Peter stood up and shrugged. “I don't know, Will. He didn't tell me that.”

William took a step toward the crow. The bird moved a little way along the path with an odd little hoppity-skip and then stopped again. It continued to watch William beadily, a fierce expression in its eyes. William picked up the pail of water for the workshop and followed the crow cautiously along the path. The crow stayed a few steps ahead, hopping and walking by turns, and disappeared around the corner of the hut.

William paused by the rainwater barrel. The bird's strange behavior made him feel uneasy and he wondered what waited for him behind the hut. He glanced back at Peter. The lay brother was still standing by the partially dug grave, watching him anxiously. Taking a deep breath, William walked around the corner.

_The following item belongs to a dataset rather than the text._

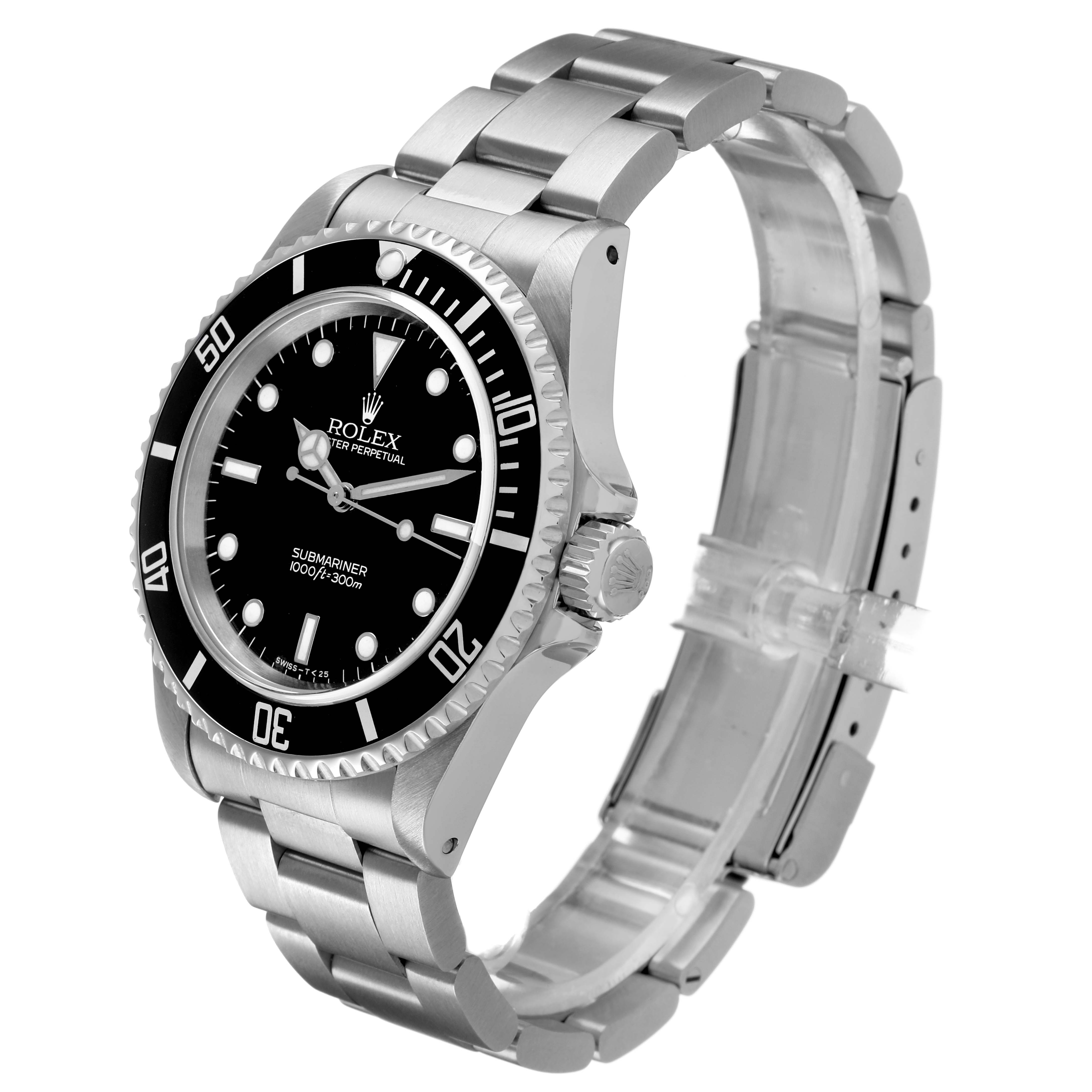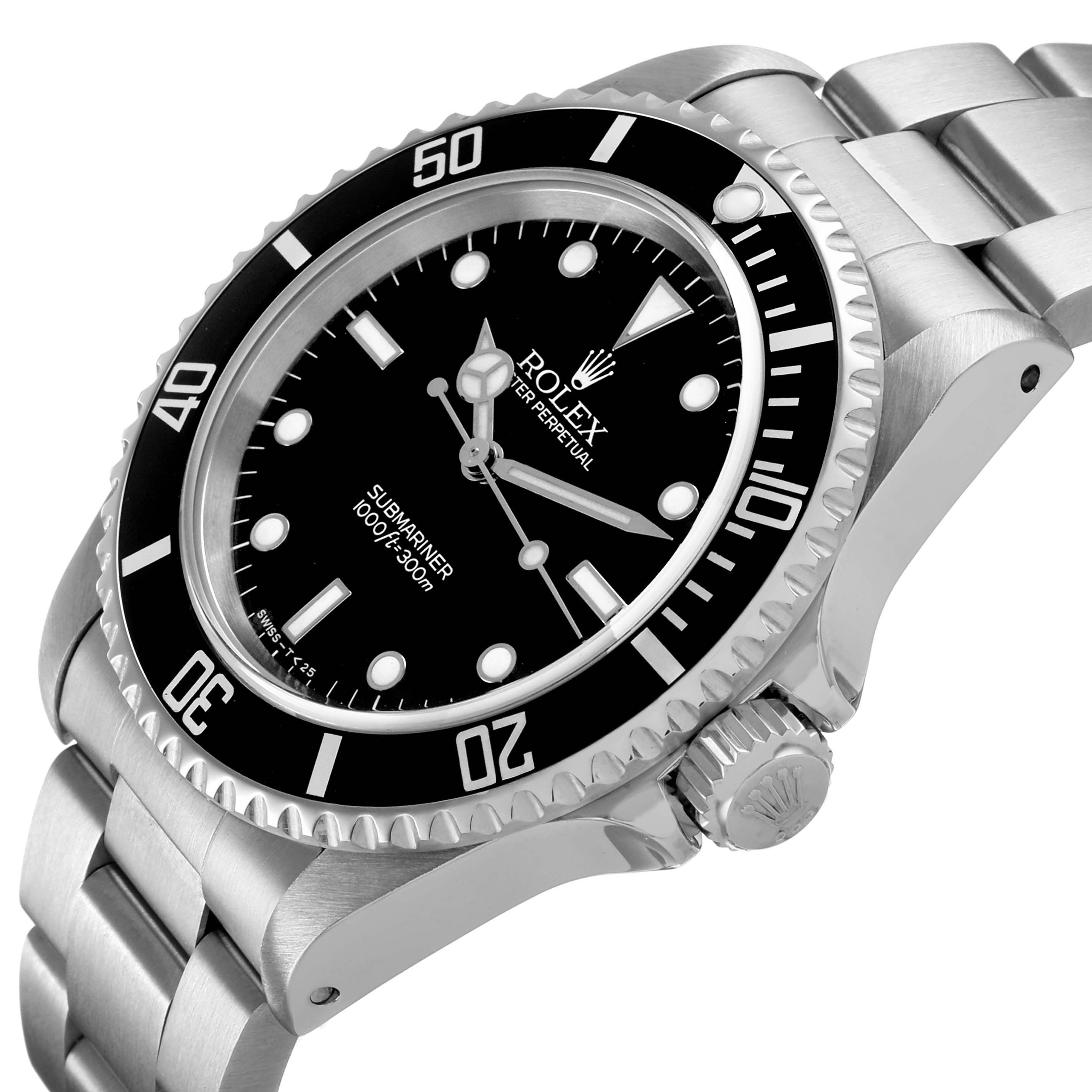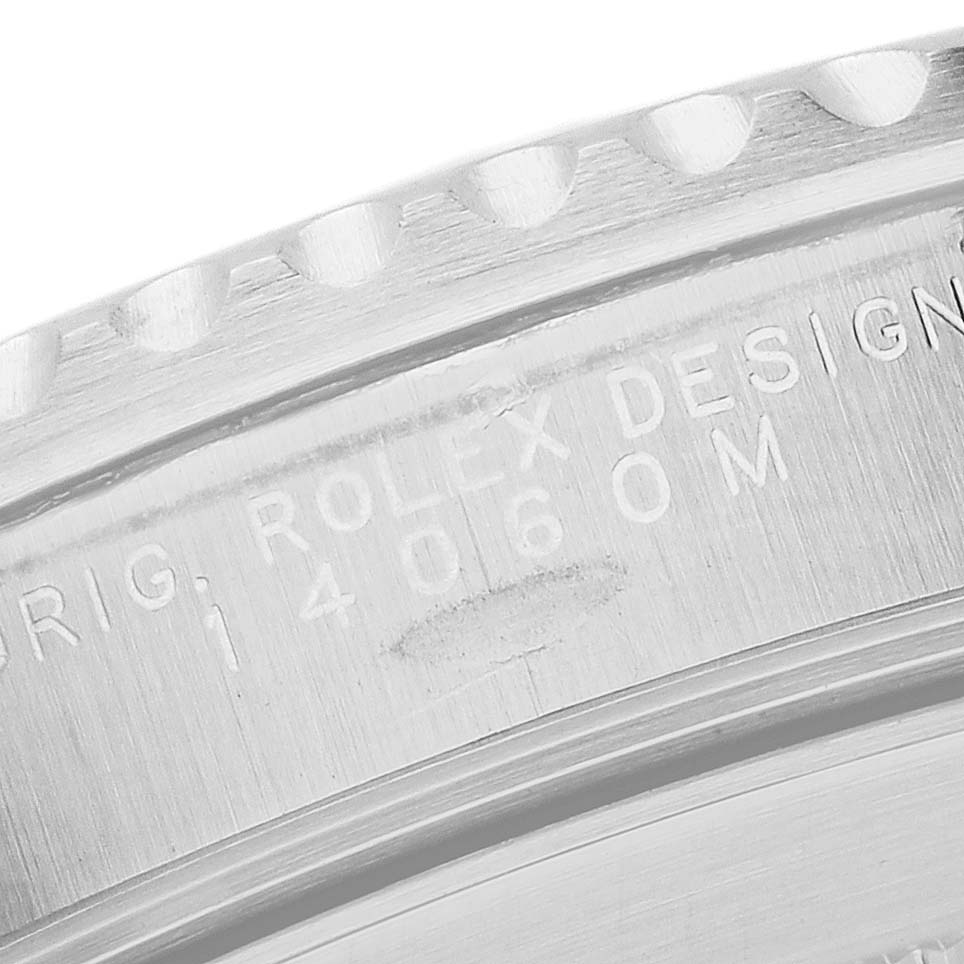 Rolex Submariner No Date Steel Ceramic Bezel Mens Watch 14060. Officially certified chronometer automatic self-winding movement. Stainless steel oyster case 40.0 mm in diameter. Rolex logo on the crown. Stainless steel unidirectional rotating time-lapse bezel with Cerachrom ceramic insert. Scratch resistant sapphire crystal. Black dial with white luminescent inlay Mercedes hands and dot, baton, and dagger hour markers. Stainless steel oyster bracelet with a flip-lock clasp. Fits a 7 1/2" wrist.

The crow stood on the bench outside the hut door, where Brother Snail sometimes sat on warm days in the dappled shade of the blackthorn tree. A few paces away stood a woman. He was sure he knew most of the villagers from Weforde and Yagleah, by sight at least, but he had never seen her before.

The hem of her green woollen cloak was damp and muddy, as were her scuffed leather boots, and she leaned heavily on a hazel stick. She was small and neat of build. Her hair was hidden under a linen hood tied beneath her chin, and her weather-browned face was finely webbed with wrinkles. But it was her eyes that held William's attention. One eye was pale milky blue and the other one was light brown — unsettling eyes that stared at him as if seeing beneath his skin. The crow leaned forward and gave a harsh caw.

The woman's head turned toward the crow. “Keep watch, Fionn. Warn me if any of the holy brothers approach the hut.” She said the words “holy brothers” contemptuously. The bird rose into the air with a rustling flap of its glossy white wings and glided away over the hut roof.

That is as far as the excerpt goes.